The bridges must not overlap, and each pier serves to connect two bridges. To calculate the number of ways to place the bridges, knowledge of combinations and dynamic programming is required.
Problem Definition
Input
- Size N (1 ≤ N ≤ 30): Number of bridges
- Size M (1 ≤ M ≤ N): Number of piers
Output
- Print the total number of ways to place the bridges as an integer.
Problem Approach
The bridge building problem is essentially a combinatorial problem. We need to find the number of ways to select M bridges from N bridges. The number of combinations is calculated using the following formula:
C(N, M) = N! / (M! * (N-M)!)
However, directly calculating the factorial can be time-consuming, so we can use dynamic programming to calculate it efficiently. We will use two arrays.
The first array will keep track of the number of piers chosen to place the bridges, and the second array will record the number of ways to place the bridges.
Problem Solution
Step 1: Initialize the Dynamic Programming Array
First, we initialize the DP array. dp[i][j] represents the number of ways to place i bridges and j piers. After initializing the array to 0,
we set dp[0][0] = 1. This means there is 1 way when there are no bridges and no piers.

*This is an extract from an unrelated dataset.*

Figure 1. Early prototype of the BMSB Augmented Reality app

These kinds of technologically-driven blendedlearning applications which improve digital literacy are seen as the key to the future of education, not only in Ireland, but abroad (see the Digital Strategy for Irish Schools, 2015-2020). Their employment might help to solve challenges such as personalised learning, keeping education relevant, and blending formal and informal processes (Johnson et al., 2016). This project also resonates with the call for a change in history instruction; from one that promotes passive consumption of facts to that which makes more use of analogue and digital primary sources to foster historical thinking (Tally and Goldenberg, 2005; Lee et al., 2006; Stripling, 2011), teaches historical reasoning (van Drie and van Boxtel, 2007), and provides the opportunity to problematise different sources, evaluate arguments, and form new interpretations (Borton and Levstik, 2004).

Step 2: Find the Recurrence Relation
When adding one bridge, there is an option to place one pier. We can fill the dp array using the following recurrence relation.

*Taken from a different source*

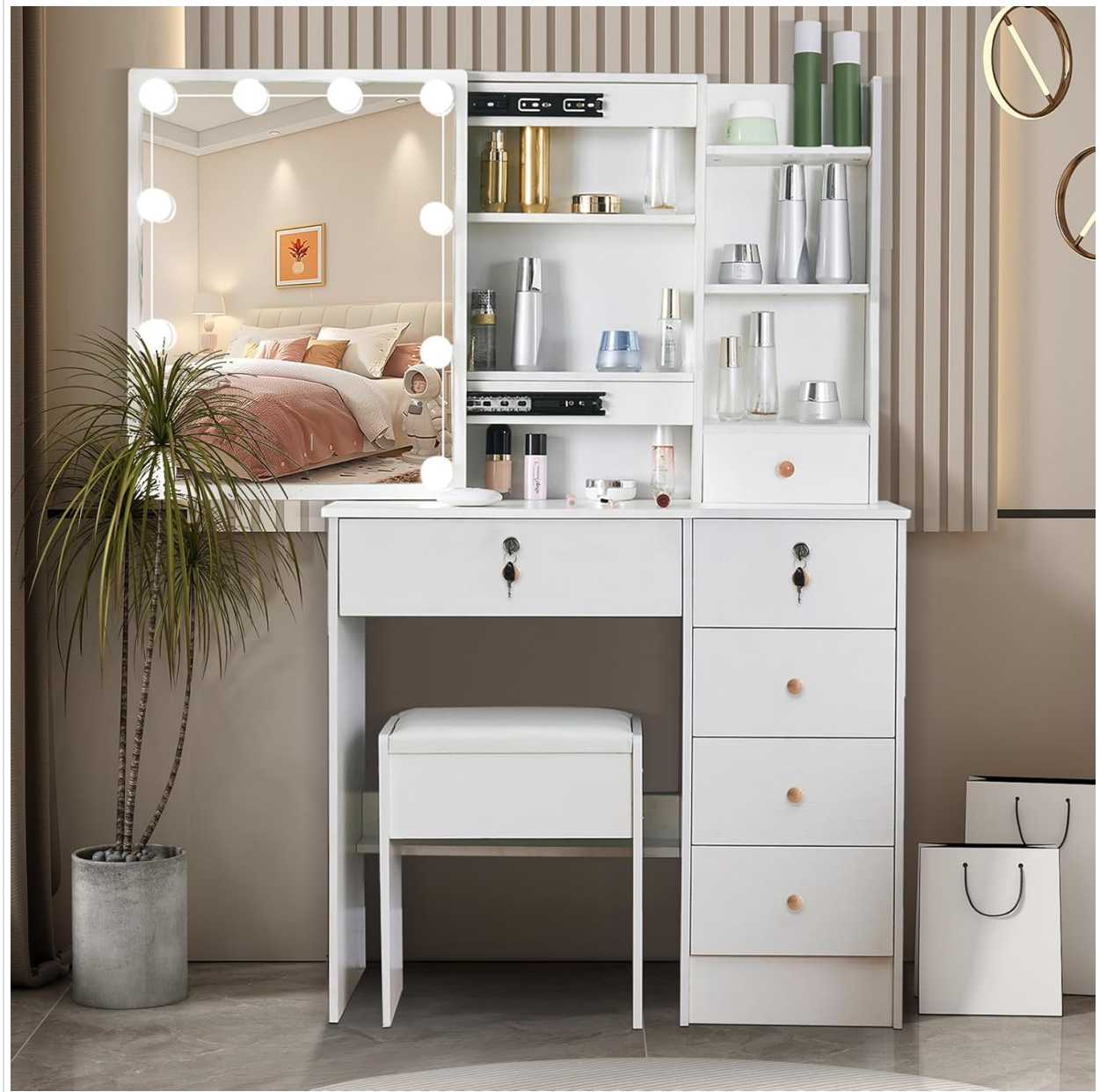
Image: The vanity mirror in its closed position, showcasing the side storage shelves and the overall compact design.

dp[i][j] = dp[i-1][j-1] + dp[i-1][j]
Here, dp[i-1][j-1] refers to the case of placing i-1 bridges and j-1 piers, adding a new bridge, while
dp[i-1][j] refers to the case of not adding a new bridge and using i-1 bridges to place j piers.
Step 3: Print the Final Result
After filling all the ranges, we can print dp[N][M] to get the final number of ways to place the bridges.
Java Code Implementation
The Java code to solve the bridge building problem is as follows:
public class BridgeBuilding {
public static void main(String[] args) {
int N = 5; // Number of bridges
int M = 3; // Number of piers
System.out.println(countWays(N, M));
}
public static int countWays(int n, int m) {
int[][] dp = new int[n + 1][m + 1];
for (int i = 0; i <= n; i++) {
for (int j = 0; j <= Math.min(i, m); j++) {
if (j == 0) {
dp[i][j] = 1; // The case of placing no piers
} else if (i > 0) {
dp[i][j] = dp[i - 1][j - 1] + dp[i - 1][j];
}
}
}
return dp[n][m];
}
}
Time Complexity
The time complexity of this algorithm is O(N*M). This time arises from filling the DP table using two nested loops. The space complexity is O(N*M), as we need space to store the DP array.
Conclusion
In this lecture, we covered the ‘Bridge Building’ problem. To solve this problem, an understanding of combinatorial theory and dynamic programming is essential.
The provided Java code allows us to solve the problem, and similar approaches can be used when encountering similar types of problems.
In the next lecture, we will discuss another algorithm problem.